No. 1917

視点が切り替わったら…
やりがいに満ちた教員人生

(福岡県KI/60代男性/教師) 

英語が好きで、人に教えることも好きで、希望を持って歩み始めた教員の道。しかし、いざ中学校に赴任してみると、英語以外の指導力を求められることも多く、自らの至らなさに悩みました。やがて郷里に戻り、私立高校で勤め始めましたが、ここでも重宝されるのは、指導力のある若い先生…。教員としての価値は、努力や経験ではなく、持って生まれた資質によって決まるのか…。恥ずかしながら、理不尽に感じることもあったのです。 

自分目線を「生徒目線」へ

そんな私にとって、偉光会館は気持ちを立て直せる場所でした。勉強会で自身を振り返っては、神殿で祈願。それを繰り返すうちに、だんだんと生徒の成績という「形」にこだわっていた自分が見えてきたのです。結果を見ては一喜一憂し、自身と他の教師を比べては、劣等感を覚えることもあった私。一生懸命努力しているつもりでも、考え方が自分本位。「生徒目線」を忘れていたと気が付きました。

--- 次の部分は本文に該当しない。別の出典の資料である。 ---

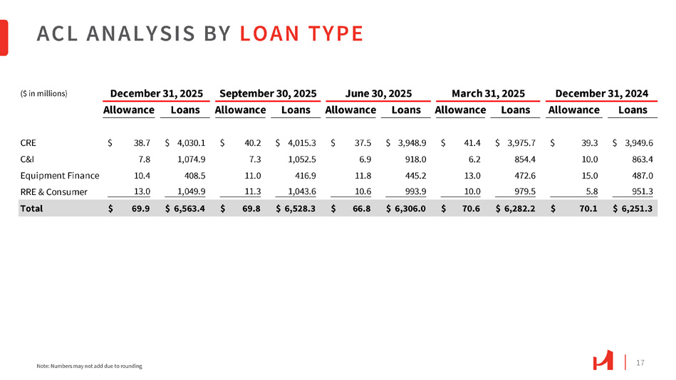 16 $70.1 $70.6 $66.8 $69.8 $69.9 1.06% 1.07% 1.07% Allowance for Credit Losses 㸦 $ in millions 㸧 1.12% 1.12% 4Q24 1Q25 2Q25 Allowance for credit losses 3Q25 4Q25 ACL to Loans $0.9 $2.7 Credit Loss Expense 㸦 $ in millions 㸧 $7.6 $2.1 $1.9 4Q24 1Q25 2Q25 Credit loss expense 3Q25 4Q25 Allowance for credit losses was $69.9 million at December 31, 2025, or 1.07% to total loans, compared with $69.8 million , or 1.07% of total loans, at the end of the prior quarter. ACL TREND

つまずきの原因が見えると同時に思いました。勉強会では、一人残らずの人に、役立つ力、「運命」があると学びます。私の強みは、時間をかけて授業の準備をしたり、積極的に教員の研究会に出るなど、コツコツ地道に努力をすること。その持ち味を生徒たちのために生かして、もっと惜しみなく関わっていこう。前を向き始めた気持ちを後押しするように、「自信を持っていいと思うよ」と、妻も温かく励ましてくれたのです。 

学ぶ喜びを引き出せるように

思えば、縁があって出会えた生徒たちです。一人一人が楽しく英語を学べたなら、自然と学力も伸びて、より良い将来につながっていくはず…。そうした願いを込めて、授業に当たるようになりました。授業中、あらためて生徒を見ていくと、みんな一生懸命な表情をしています。その顔が明るく変化したときは、授業で何かをつかめた証拠。分かりやすく伝えられたのだと、私までうれしくなってしまう瞬間です。自分が培ってきたことを、精いっぱい生徒に伝えたい。その心で臨むうちに、葛藤も、劣等感も、きれいに消えていきました。授業以外にも、生徒から「面接の練習をお願いします」などと頼られることが増え、やりがいを感じるようになっていったのです。 

持っている力を惜しみなく

そうして走り抜けた約40年。あっという間に定年を迎え、今年からは非常勤に。ところが、相変わらず、いろいろなクラスの生徒から、「推薦入試のための面接を…」などと声が掛かります。そんなときは、少しでも生徒の魅力が引き出せるように…と考えながらアドバイス。「先生ありがとう!」「練習のおかげです!」。生徒の笑顔や喜びの報告が、何よりうれしいです。成績の良しあしだけで生徒を見ず、誰に対しても公平に、誠実に…。真理に触れているからこそ、大切なことを見失わずにいられるのだと思います。最近では、若い先生方の役に立てるように、自習室の監督も積極的に行うようになりました。これからも、私にできることで精いっぱい、心を尽くしてまいります。 

仕事とは何か 気付くこと
 職務 職業と捉えることで
  出会いを生かす気持ちを欠いて行く
 常に環境を明るくし
   周りの人々の気持ちを大切に
              心を遣う
 「運命」に守られ 導かれた
        人の姿が ここにある
「教え」に生きることで 人間は
  「運命」の力に守られ
   皆が仕合せを共有できる成果を
             導き出せる

(令和6年12月23日〈中略あり〉)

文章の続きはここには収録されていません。